From: Chintan Pandya <chintan.pandya@oneplus.com>
To: "Huang, Ying" <ying.huang@intel.com>
Cc: Michal Hocko <mhocko@suse.com>,
	Prathu Baronia <prathu.baronia@oneplus.com>,
	"akpm@linux-foundation.org" <akpm@linux-foundation.org>,
	"linux-mm@kvack.org" <linux-mm@kvack.org>,
	"gregkh@linuxfoundation.org" <gregkh@linuxfoundation.org>,
	"gthelen@google.com" <gthelen@google.com>,
	"jack@suse.cz" <jack@suse.cz>, Ken Lin <ken.lin@oneplus.com>,
	Gasine Xu <Gasine.Xu@Oneplus.com>
Subject: RE: [RFC] mm/memory.c: Optimizing THP zeroing routine for !HIGHMEM cases
Date: Sat, 11 Apr 2020 15:40:01 +0000	[thread overview]
Message-ID: <SG2PR04MB2921E6D51681B935C0F85EEA91DF0@SG2PR04MB2921.apcprd04.prod.outlook.com> (raw)
In-Reply-To: <87lfn390db.fsf@yhuang-dev.intel.com>

> > Generally, many architectures are optimized for serial loads, be it
> > initialization or access, as it is simplest form of prediction. Any
> > random access pattern would kill that pre-fetching. And for now, I
> > suspect that to be the case here. Probably, we can run more tests to confirm
> this part.
> 
> Please prove your theory with test.  Better to test x86 too.
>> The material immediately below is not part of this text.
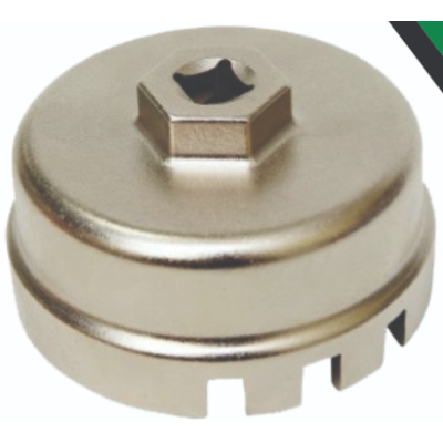 Key Features: Specialized Notches: Features six uniquely designed notches that securely engage with the ears on caps for maximum torque, ensuring a tight grip during use. Fast Alignment: Embedded guide arrows allow for quick alignment of notches to ears, simplifying the installation process. Durable Construction: Built from a single-piece die-cast aluminum for enhanced strength and longevity. Specifications: Size: 64.5mm, with 14 flutes and a 3/8? (10mm) drive. Compatibility: This oil filter cup tool is suitable for most Toyota 4-cylinder engines (1800CC – 2000CC) and is specially designed for the plastic oil filter caps of Toyota and Lexus models, including:

Wrote down below userspace test code.

Code:

#include <stdio.h>
#include <stdlib.h>
#include <string.h>
#include <sys/time.h>

#define SZ_1M 0x100000
#define SZ_4K 0x1000
#define NUM 100

Int main ()
{
  void *p;
  void *q;
  void *r;

  unsigned long total_pages, total_size;
  int i, j;
  struct timeval t0, t1, t2, t3;
  int elapsed;

  printf ("Hello World\n");

  total_size = NUM * SZ_1M;
  total_pages = NUM * (SZ_1M / SZ_4K);

  p = malloc (total_size);
  q = malloc (total_size);
  r = malloc (total_size);

  /* So that all pages gets allocated */
  memset (r, 0xa, total_size);
  memset (q, 0xa, total_size);
  memset (p, 0xa, total_size);

  gettimeofday (&t0, NULL);

  /* One shot memset */
  memset (r, 0xd, total_size);

  gettimeofday (&t1, NULL);

  /* traverse in forward order */
  for (j = 0; j < total_pages; j++)
    {
      memset (q + (j * SZ_4K), 0xc, SZ_4K);
    }

  gettimeofday (&t2, NULL);

  /* traverse in reverse order */
  for (i = 0; i < total_pages; i++)
    {
      memset (p + total_size - (i + 1) * SZ_4K, 0xb, SZ_4K);
    }

  gettimeofday (&t3, NULL);

  free (p);
  free (q);
  free (r);

  /* Results time */
  elapsed = ((t1.tv_sec - t0.tv_sec) * 1000000) + (t1.tv_usec - t0.tv_usec);
  printf ("One shot: %d micro seconds\n", elapsed);

  elapsed = ((t2.tv_sec - t1.tv_sec) * 1000000) + (t2.tv_usec - t1.tv_usec);
  printf ("Forward order: %d micro seconds\n", elapsed);

  elapsed = ((t3.tv_sec - t2.tv_sec) * 1000000) + (t3.tv_usec - t2.tv_usec);
  printf ("Reverse order: %d micro seconds\n", elapsed);
  return 0;
}

------------------------------------------------------------------------------------------------

Results for ARM64 target (SM8150 , CPU0 & 6 are online, running at max frequency)
All numbers are mean of 100 iterations. Variation is ignorable.
- Oneshot : 3389.26 us
- Forward : 8876.16 us
- Reverse : 18157.6 us

Results for x86-64 (Intel(R) Core(TM) i7-8700 CPU @ 3.20GHz, only CPU 0 in max frequency)
All numbers are mean of 100 iterations. Variation is ignorable.
- Oneshot : 3203.49 us
- Forward : 5766.46 us
- Reverse : 5187.86 us

To conclude, I observed optimized serial writes in case of ARM processor. But strangely,
memset in reverse order performs better than forward order quite consistently across
multiple x86 machines. I don't have much insight into x86 so to clarify, I would like to
restrict my previous suspicion to ARM only.

> 
> Best Regards,
> Huang, Ying